- Born: 12 February
- Origin: Lahore, Punjab, Pakistan
- Genres: Sufi Rock Pop
- Occupations: Singer RJ
- Years active: 2006–present
- Label: Fire Records
- Member of: Laal
- Website: www.aag.tv/laal

= Mahvash Waqar =

Mahvash Waqar is a Pakistani artist and a backup vocalist for the band Laal. She is also well-known for a stint on radio as a radio host.

==Early life==
Mahvash studied Textile designing from the National College of Arts in Lahore, Pakistan. She had a keen interest in music from the beginning. So, instead of continuing her studies she decided to join what was then a very new phenomenon of FM radio stations.

==Radio jockey==
She was a well known jockey of many radio stations from 2000 to 2006. She hosted numerous shows and also worked as a producer for others.
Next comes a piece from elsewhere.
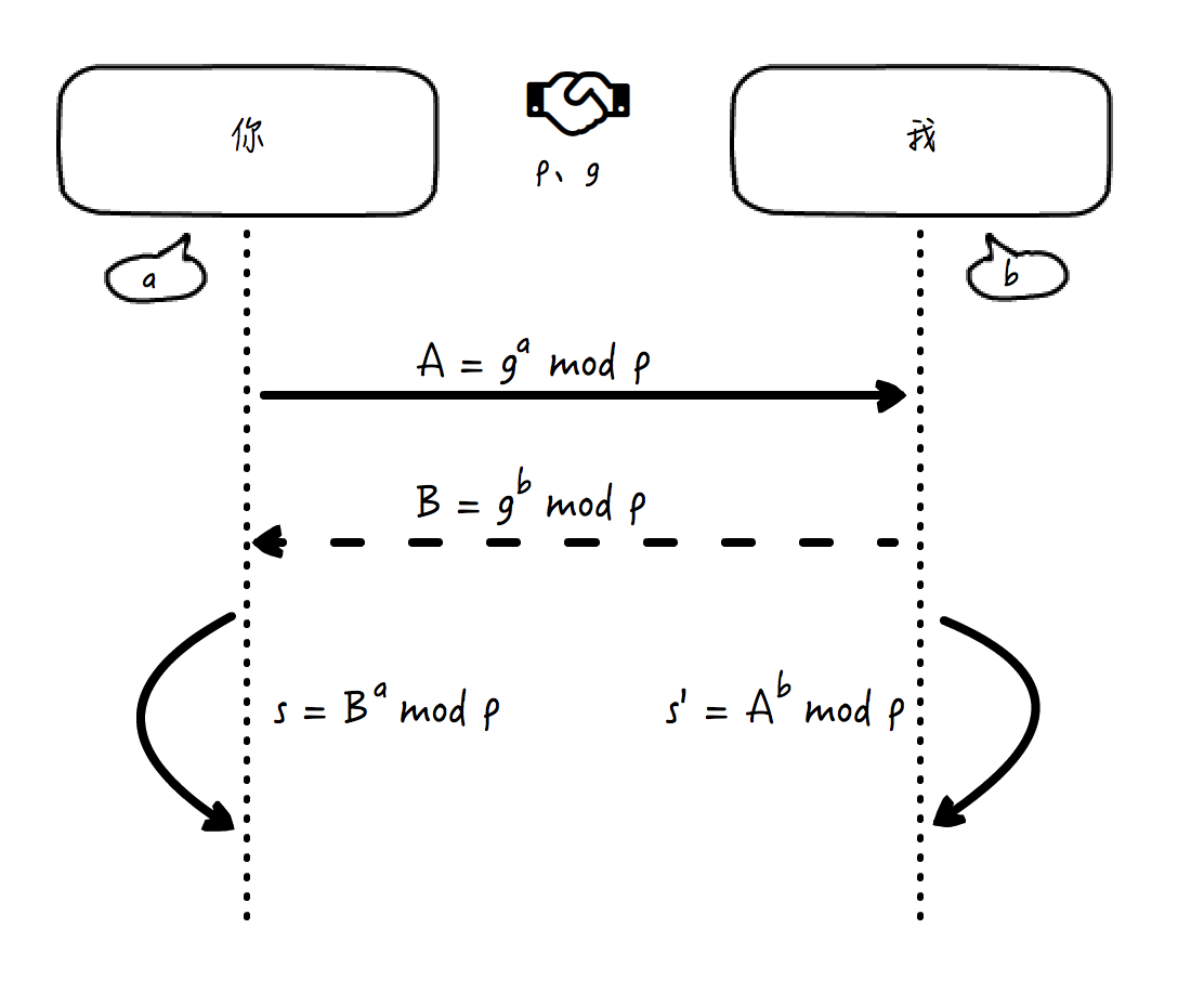 你看,整个过程中,只有 a、b 这两个数分别是你和我各自知道并保密的,而其它交换的数据全部都是公开的。对于你来说,已经有了 a,又得到我传过来的 B,于是你算出了 s;对于我来说,已经有了 b,又得到了你传过来的 A,于是我算出了 s’。

The experience she gained in radio jockeying brought her in contact with an enormous variety of music and hence she earned the name, Human Encyclopedia of Music. She stressed in an interview that her main influence in music was the classic rock sound of the 1970s.

==Music career==
Mahvash began her music career in early 2007 when she decided to be a part of the newly formed Laal Band along with Haider Rehman, Aamir, Asif, Salman and Jamal. The band was formed in response to the 2007 sacking of judges by then President Pervez Musharraf.

===Laal===
Laal the Band was formed in late 2007, after the sacking of the Chief Justice Iftikhar Chaudhry. The band members along with the public protested against the incident and demanded the restoration of judiciary by the president. The members then joined up together to form a Musical continuation of the Progressive Writers Movement of Faiz Ahmed Faiz, Habib Jalib and Ahmed Faraz. The band's aim is to popularize the works of these socialist writers by setting their revolutionary poetry to music. The current band members include Mahvash, Taimur and Haider Rahman. Mahvash sings backup for the band.

===Discography===
Mahvash has played backup vocals for Laal band's debut album, Umeed e Sahar.